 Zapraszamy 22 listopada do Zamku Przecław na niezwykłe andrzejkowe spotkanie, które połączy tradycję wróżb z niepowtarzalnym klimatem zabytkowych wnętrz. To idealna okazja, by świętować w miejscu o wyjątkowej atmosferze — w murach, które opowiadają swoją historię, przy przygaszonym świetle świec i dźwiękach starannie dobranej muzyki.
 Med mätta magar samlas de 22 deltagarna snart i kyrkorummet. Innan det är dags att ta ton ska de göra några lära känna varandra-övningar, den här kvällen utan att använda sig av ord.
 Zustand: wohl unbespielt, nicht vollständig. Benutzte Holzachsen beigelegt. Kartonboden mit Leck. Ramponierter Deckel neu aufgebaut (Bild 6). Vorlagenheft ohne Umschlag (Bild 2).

··········

- _The task_: Retype the lines beginning at the one containing "Med mätta magar" and ending at the final line of the material, both included.

- _Written solution_:
 Med mätta magar samlas de 22 deltagarna snart i kyrkorummet. Innan det är dags att ta ton ska de göra några lära känna varandra-övningar, den här kvällen utan att använda sig av ord.
 Zustand: wohl unbespielt, nicht vollständig. Benutzte Holzachsen beigelegt. Kartonboden mit Leck. Ramponierter Deckel neu aufgebaut (Bild 6). Vorlagenheft ohne Umschlag (Bild 2).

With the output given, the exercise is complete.